The NMDA glutamate hypofunction model of schizophrenia is based in part upon acute effects of NMDA receptor blockade in humans and rodents. Several laboratories have reported glutamate system abnormalities following prenatal exposure to immune challenge, a known environmental risk factor for schizophrenia. Here we report indices of NMDA glutamate receptor hypofunction following prenatal immune activation, as well as the effects of treatment during periadolescence with the atypical antipsychotic medications risperidone and paliperidone. Pregnant Sprague-Dawley rats were injected with polyinosinic:polycytidylic acid (poly I:C) or saline on gestational day 14. Male offspring were treated orally via drinking water with vehicle, risperidone (0.01 mg/kg/day), or paliperidone (0.01 mg/kg/day) between postnatal days 35 and 56 (periadolescence) and extracellular glutamate levels in the prefrontal cortex were determined by microdialysis at PD 56. Consistent with decreased NMDA receptor function, MK-801 – induced increases in extracellular glutamate concentration were markedly blunted following prenatal immune activation. Further suggesting NMDA receptor hypofunction, prefrontal cortex basal extracellular glutamate was significantly elevated (P<0.05) in offspring of Poly I:C treated dams.

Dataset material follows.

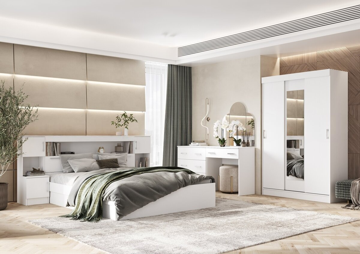 Кровать Скайс ящиками белый текстурный, 140х200 см
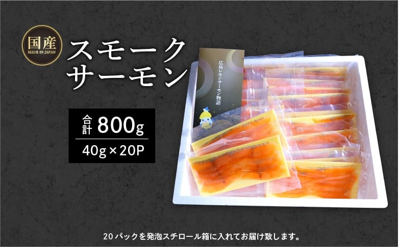 国産サーモン スモークサーモン 切り落とし 800g (40g×20P) 小分け パック 広島レモンサーモン|国産 冷凍 真空パック 燻製 スモーク 切落し 800g 広島県産 特産品 グルメ 鮭 サーモン サケ さけ 魚 骨抜き 骨なし おかず 酒のあて [1951]

Pretreatment with low dose paliperidone or risperidone (0.01 mg/kg/day postnatal days 35–56) normalized prefrontal cortical basal extracellular glutamate (P<0.05 vs. poly I:C vehicle-treatment). Pretreatment with paliperidone and risperidone also prevented the acute MK-801-induced increase in extracellular glutamate. These observations demonstrate decreased NMDA receptor function and elevated extracellular glutamate, two key features of the NMDA glutamate receptor hypofunction model of schizophrenia, during periadolescence following prenatal immune activation. Treatment with the atypical antipsychotic medications paliperidone and risperidone normalized basal extracellular glutamate. Demonstration of glutamatergic abnormalities consistent with the NMDA glutamate receptor hypofunction model of schizophrenia as an early developmental consequence of prenatal immune activation provides a model to identify novel early interventions targeting glutamatergic systems which play an important role in both positive and negative symptoms of schizophrenia.